§ What you are asked to do
In the entries below, which lines run from the one with "Σας ενημερώνουμε ότι, λόγω" through the one with "協作區域呈現有機張力:茶水間"? Repeat exactly those, both included, and no pictures.

§ The records
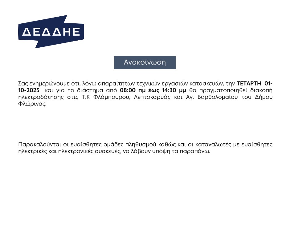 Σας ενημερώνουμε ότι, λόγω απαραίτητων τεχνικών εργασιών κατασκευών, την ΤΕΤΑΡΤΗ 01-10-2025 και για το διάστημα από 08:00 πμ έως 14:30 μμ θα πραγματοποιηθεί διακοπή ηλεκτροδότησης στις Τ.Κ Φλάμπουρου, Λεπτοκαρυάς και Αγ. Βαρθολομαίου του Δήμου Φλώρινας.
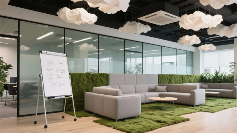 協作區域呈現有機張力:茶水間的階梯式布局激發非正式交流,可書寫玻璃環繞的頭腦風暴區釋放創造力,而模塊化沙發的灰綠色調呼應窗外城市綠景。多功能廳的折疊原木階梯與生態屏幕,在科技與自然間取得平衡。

---

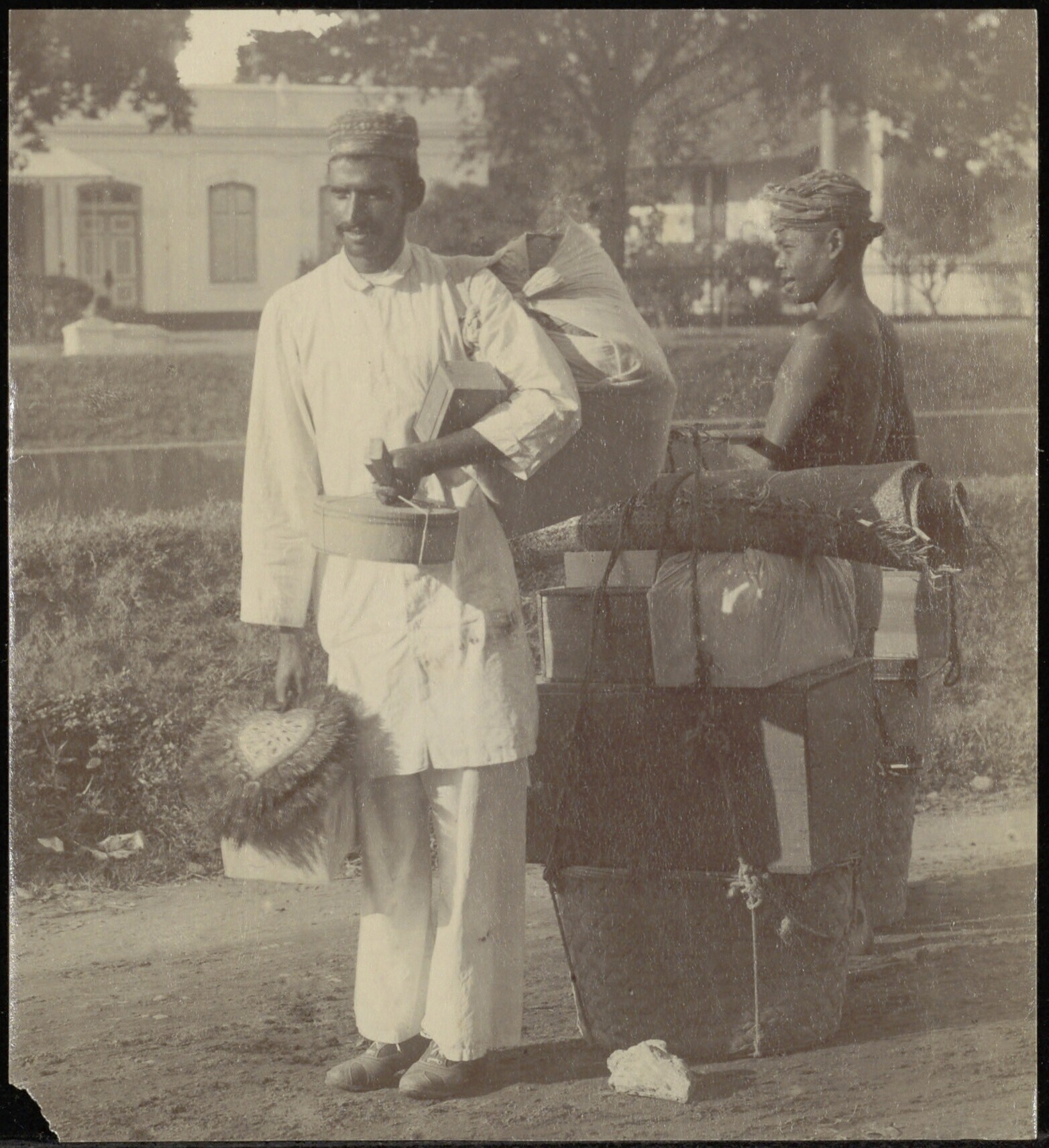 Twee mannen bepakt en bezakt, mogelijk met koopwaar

§ Response area
 Σας ενημερώνουμε ότι, λόγω απαραίτητων τεχνικών εργασιών κατασκευών, την ΤΕΤΑΡΤΗ 01-10-2025 και για το διάστημα από 08:00 πμ έως 14:30 μμ θα πραγματοποιηθεί διακοπή ηλεκτροδότησης στις Τ.Κ Φλάμπουρου, Λεπτοκαρυάς και Αγ. Βαρθολομαίου του Δήμου Φλώρινας.
 協作區域呈現有機張力:茶水間的階梯式布局激發非正式交流,可書寫玻璃環繞的頭腦風暴區釋放創造力,而模塊化沙發的灰綠色調呼應窗外城市綠景。多功能廳的折疊原木階梯與生態屏幕,在科技與自然間取得平衡。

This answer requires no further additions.